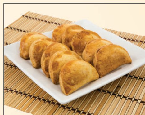
10079 / 10081 / 10078 / 10080 / 10030 PASTEL DE FORNO DE CARNE P / G PASTEL DE FORNO DE FRANGO P / G PASTEL INTEGRAL DE FRANGO P
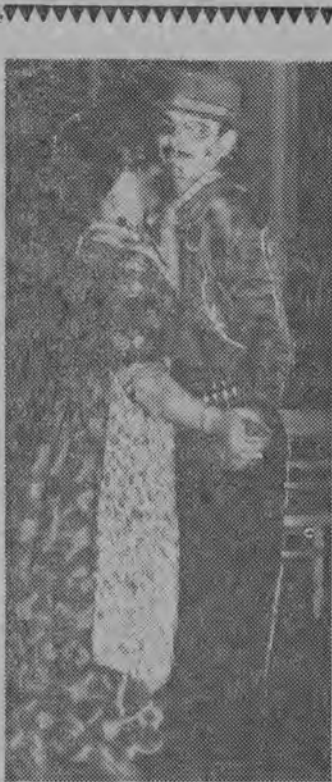
NA ZDJĘCIU: argentyńskie tango tańczy „Cyganka” z „Meksykańczykiem”.

W chwilach odpoczynku swą zręcznością „czarował” zebranych znany iluzjonista Petroni. Odbyło się też wiele konkursów. Największym powodzeniem cieszył się konkurs na najlepiej tańczącą parę. (Let)
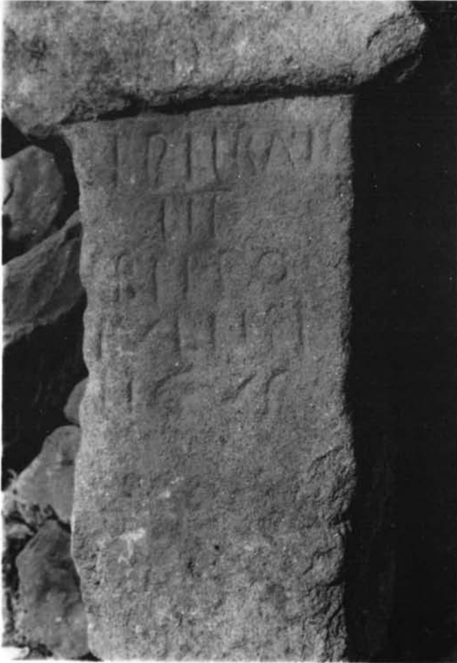
Fotografía N.º 1. ZORITA (Cáceres)

Dimensiones: Altura 75 cm. Anchura 37 cm. Grosor 27 cm. Neto inscrito 30 cm. Altura de las letras 5'5 cm. Anchura de la moldura superior 17 cm. Ancura de la moldura 47 cm.
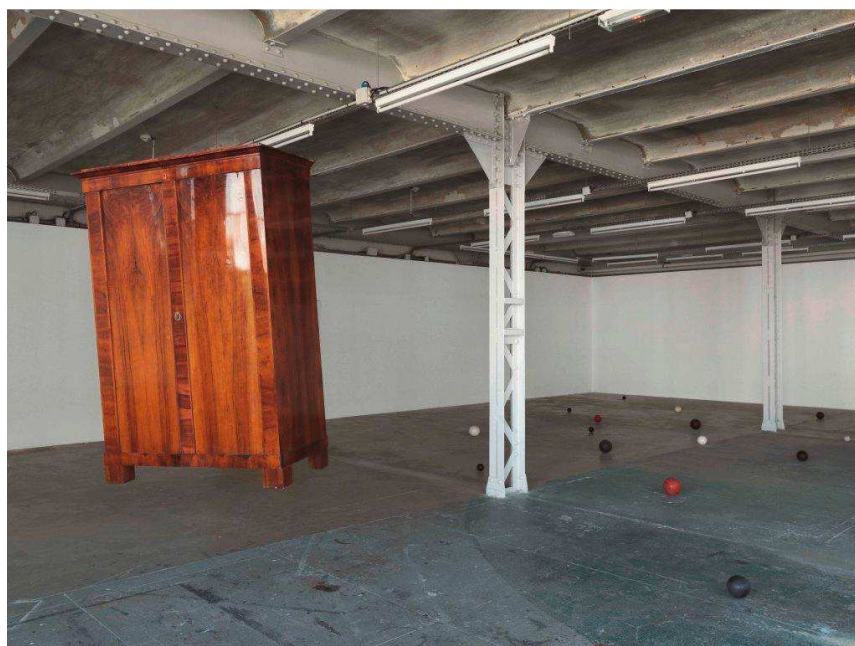
Mandla Reuter, The Agreement, Vienna , 2011 Armoire ; 198 x 129 x 85 cm
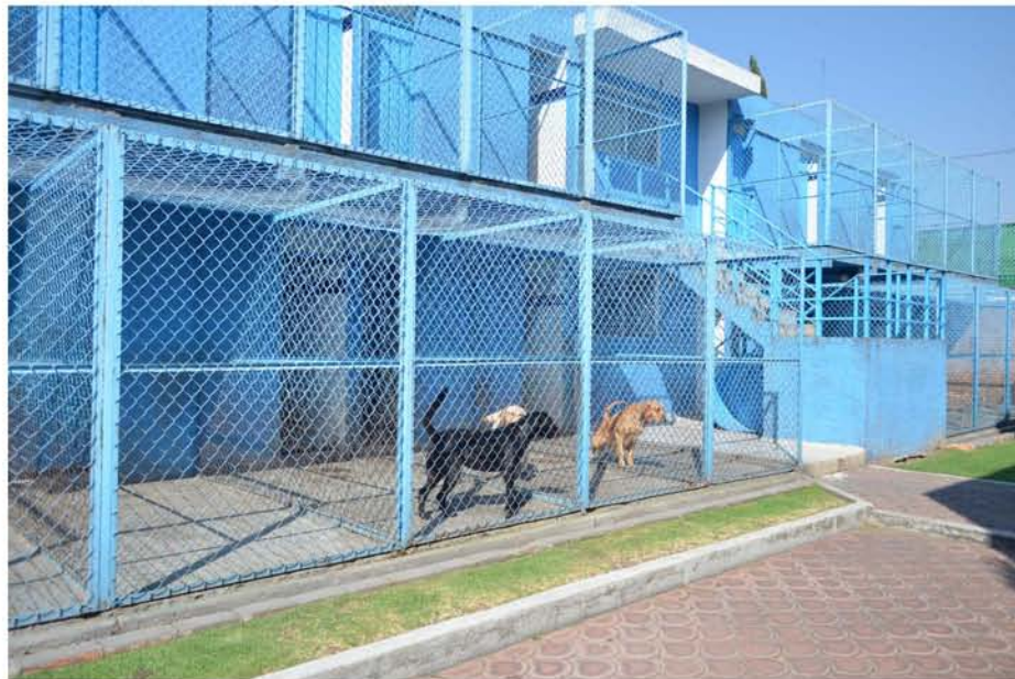
Los futuros perros guía viven en las instalaciones de la escuela.

Para solventar los gastos que requiere entrenar a un perro de asistencia, Bocalán México busca el patrocinio de empresas, al ser una asociación que permite los donativos. Los últimos tres perros de asistencia que fueron entregados estuvieron patrocinados por la empresa de alimento para perro Ganador.
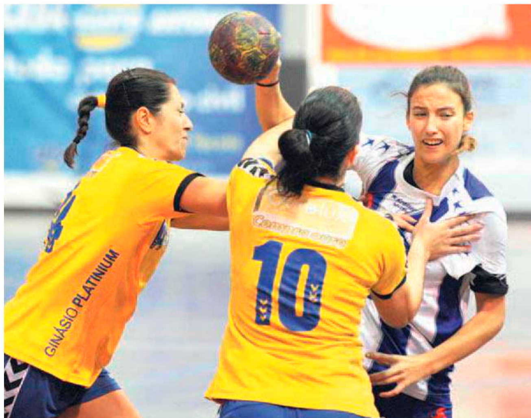
A Associação pode apadrinhar projecto único para o andebol madeirense.

A captação e fomento do andebol junto dos mais novos adviria de um projecto conjunto com todos os clubes regionais. Ideias que têm
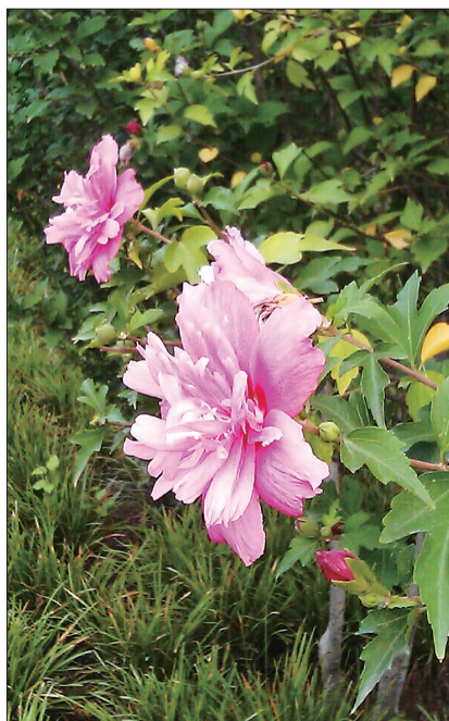
●名称:木槿花 ●拍摄时间:7月初 ●拍摄地点:洛浦公园东段 ●花语:温柔的坚持
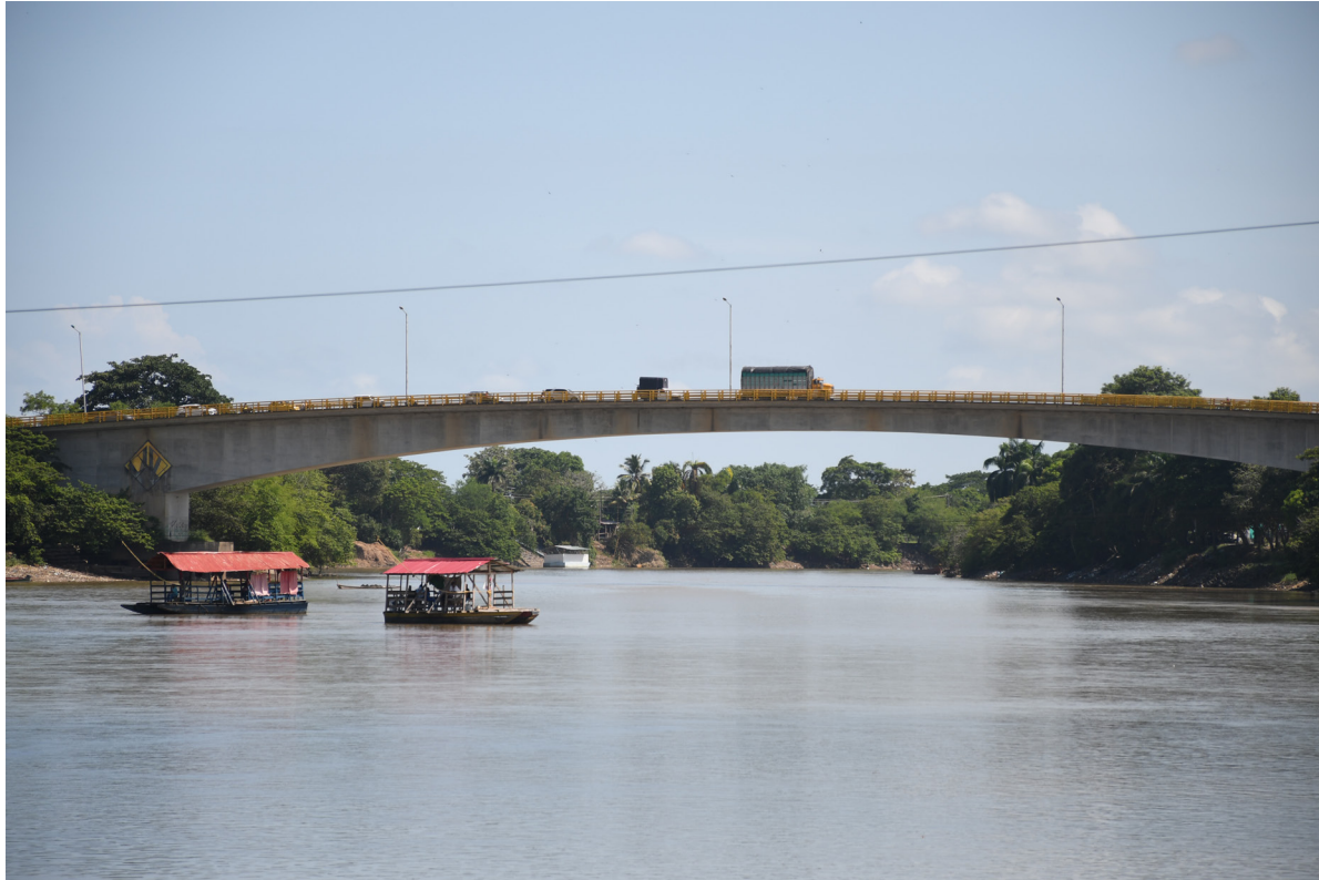
Figura 10. El río imaginado a través del puente. Río Sinú (Montería, Córdoba).
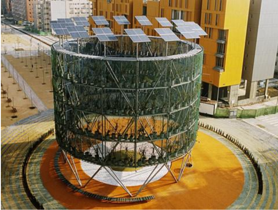
Abb.: „Air Tree“ Madrid

Es gab aber auch internationale Beispiele von erfolgreichen partizipativen Planungsprozessen, wie z.B. für eine Wohnanlage in Chile oder auch das Projekt „Air Tree“ in der Innenstadt von Madrid, bei dem ein innovatives Bürgerzentrum realisiert wurde, das als Treffpunkt, als Konzerthalle usw. fungiert, siehe folgendes Bild.
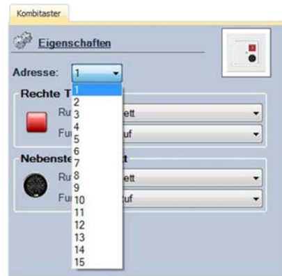
Abbildung 8: Auswahl der Adresse

Die Adresse dient als Kennzeichnung dafür, für welchen Taster die Einstellungen vorgenommen werden. Mit Hilfe des Dropdown-Menüs neben der Bezeichnung „Adresse:“ kann die Adresse frei gewählt werden. Adressen von 0 bis 15 sind zulässig. In dem Beispiel rechts (Abbildung 8) kann die Adresse 0 nicht mehr ausgewählt werden, da bereits ein Kombitaster mit der Adresse 0 an diesem Modul eingerichtet wurde.
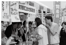
▲にぎわう女性部連合会のブース

当連合会ブースでは、伊豆・小笠原諸島の特産品を販売、大島町直送のアイスクリームなどが大好評でした。女性部連合会は国分寺市、あきる野市、三鷹市、日野市、瑞穂町の5つの商工会女性部が地域一押しの特産品を販売、終日にぎわいをみせていました。B級グルメを販売する20のブースでは順番待ちの列が途切れず、完売が続出していました。
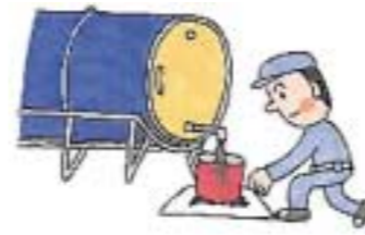
▶ドラム缶置き場で

......

Task brief:
Which lines above include the word "projecto"? Pick them out and copy them.

Final answer:
A Associação pode apadrinhar projecto único para o andebol madeirense.
A captação e fomento do andebol junto dos mais novos adviria de um projecto conjunto com todos os clubes regionais. Ideias que têm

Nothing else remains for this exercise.